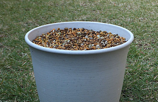 )。気分が重くなる原因は、種を蒔いて既に7年、未だに花を見せて貰っていないことです。あ~ア(溜息) それはそれとして、用土は一見して健康そうな色合いです。ただ部分的にゼニゴケが広がり始めているので、これに歯止めをかける意味で表土を若干剥ぎ取って、新しい用土に入れ替えることにします。ついでに化成肥料を適量補充することにします。表土剥ぎ取りのプロセスで確認したのが、円内の越冬芽で、年を重ねる毎に大きくなっているのですが、これで花を付けるのにまだ不足があるのかねー・・・ ・・・・・ということで、予定の作業を一通り実行した状態が下の画像。来年花がどうなるかは「神のみぞ知る」ところですが、ここまで長期間付き合って来た以上、結果を見るまでとことん付き合ってやるか... |
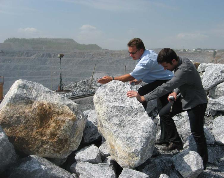 Австрийские гости Бернхард Гуттернигг (фирма «Paltentaler Minerals») и Александр Шмидерер (Горный университет Леобена) знакомятся с сырьем в карьерах комбината «Магнезит»
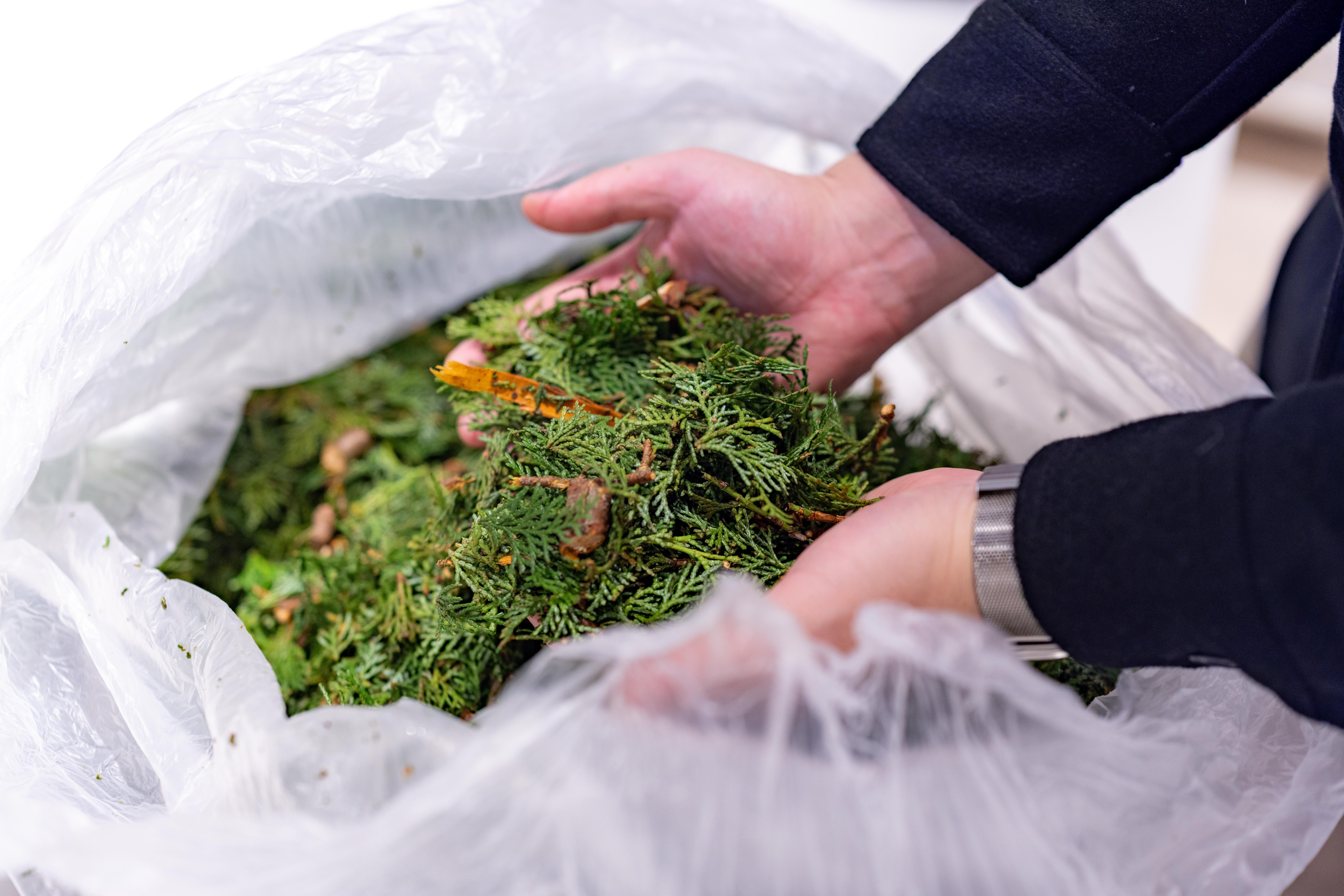 素材となるヒノキの枝葉や柚子はブランドの代表・藤本さんが自ら山に入り入手しています。地元の林業家や果樹を持つ地主さんとつながり、今は使われていない資源を活用させていただき、地域に価値を還元する。

* [Required work]:
Please output the listing above in full, exactly as given, without its images.

* [Answer for this exercise]:
 )。気分が重くなる原因は、種を蒔いて既に7年、未だに花を見せて貰っていないことです。あ~ア(溜息) それはそれとして、用土は一見して健康そうな色合いです。ただ部分的にゼニゴケが広がり始めているので、これに歯止めをかける意味で表土を若干剥ぎ取って、新しい用土に入れ替えることにします。ついでに化成肥料を適量補充することにします。表土剥ぎ取りのプロセスで確認したのが、円内の越冬芽で、年を重ねる毎に大きくなっているのですが、これで花を付けるのにまだ不足があるのかねー・・・ ・・・・・ということで、予定の作業を一通り実行した状態が下の画像。来年花がどうなるかは「神のみぞ知る」ところですが、ここまで長期間付き合って来た以上、結果を見るまでとことん付き合ってやるか... |
 Австрийские гости Бернхард Гуттернигг (фирма «Paltentaler Minerals») и Александр Шмидерер (Горный университет Леобена) знакомятся с сырьем в карьерах комбината «Магнезит»
 素材となるヒノキの枝葉や柚子はブランドの代表・藤本さんが自ら山に入り入手しています。地元の林業家や果樹を持つ地主さんとつながり、今は使われていない資源を活用させていただき、地域に価値を還元する。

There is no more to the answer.